= WHAT YOU WILL DO =
Any pictures in the records below must be left out when you repeat the lines from the line containing "- Pergola avec" through the line containing "King Size Platform" exactly.

= TASK INPUTS =

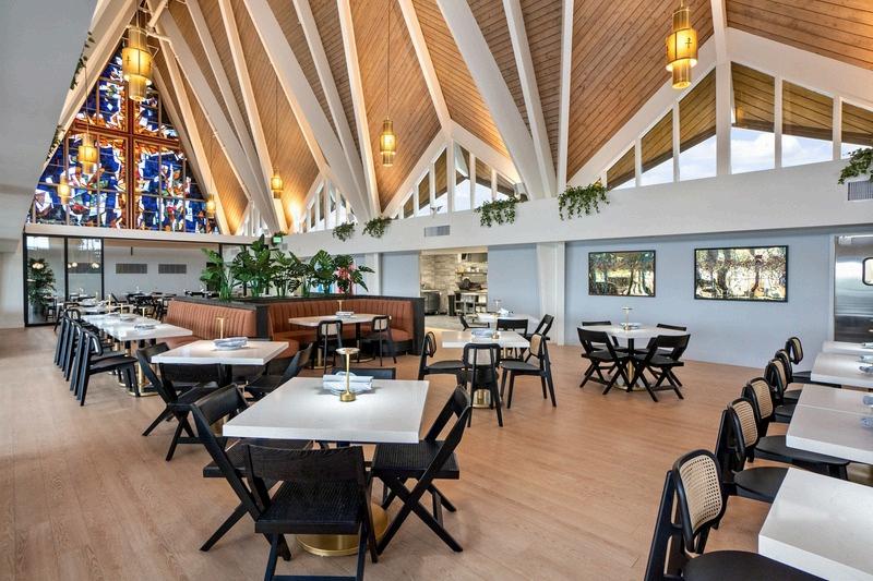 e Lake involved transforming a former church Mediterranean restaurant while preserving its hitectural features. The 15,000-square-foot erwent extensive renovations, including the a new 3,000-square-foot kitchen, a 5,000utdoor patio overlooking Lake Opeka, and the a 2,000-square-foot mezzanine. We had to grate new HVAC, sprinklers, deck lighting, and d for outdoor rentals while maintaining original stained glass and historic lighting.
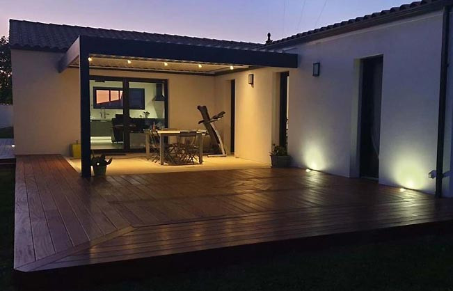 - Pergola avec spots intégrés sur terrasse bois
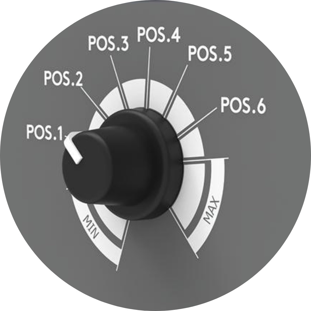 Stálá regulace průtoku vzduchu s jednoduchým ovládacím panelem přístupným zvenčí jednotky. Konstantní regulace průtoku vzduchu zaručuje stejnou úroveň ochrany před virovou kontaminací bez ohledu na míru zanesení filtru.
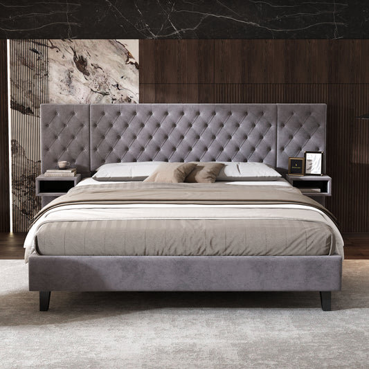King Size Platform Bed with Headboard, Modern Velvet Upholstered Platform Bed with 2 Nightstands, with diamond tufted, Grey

--

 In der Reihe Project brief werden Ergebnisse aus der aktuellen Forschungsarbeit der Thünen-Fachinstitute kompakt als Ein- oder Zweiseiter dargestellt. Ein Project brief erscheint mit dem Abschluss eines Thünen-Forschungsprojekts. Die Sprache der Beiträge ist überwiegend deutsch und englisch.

= RESPONSE TO THE EXERCISE =
 - Pergola avec spots intégrés sur terrasse bois
 Stálá regulace průtoku vzduchu s jednoduchým ovládacím panelem přístupným zvenčí jednotky. Konstantní regulace průtoku vzduchu zaručuje stejnou úroveň ochrany před virovou kontaminací bez ohledu na míru zanesení filtru.
King Size Platform Bed with Headboard, Modern Velvet Upholstered Platform Bed with 2 Nightstands, with diamond tufted, Grey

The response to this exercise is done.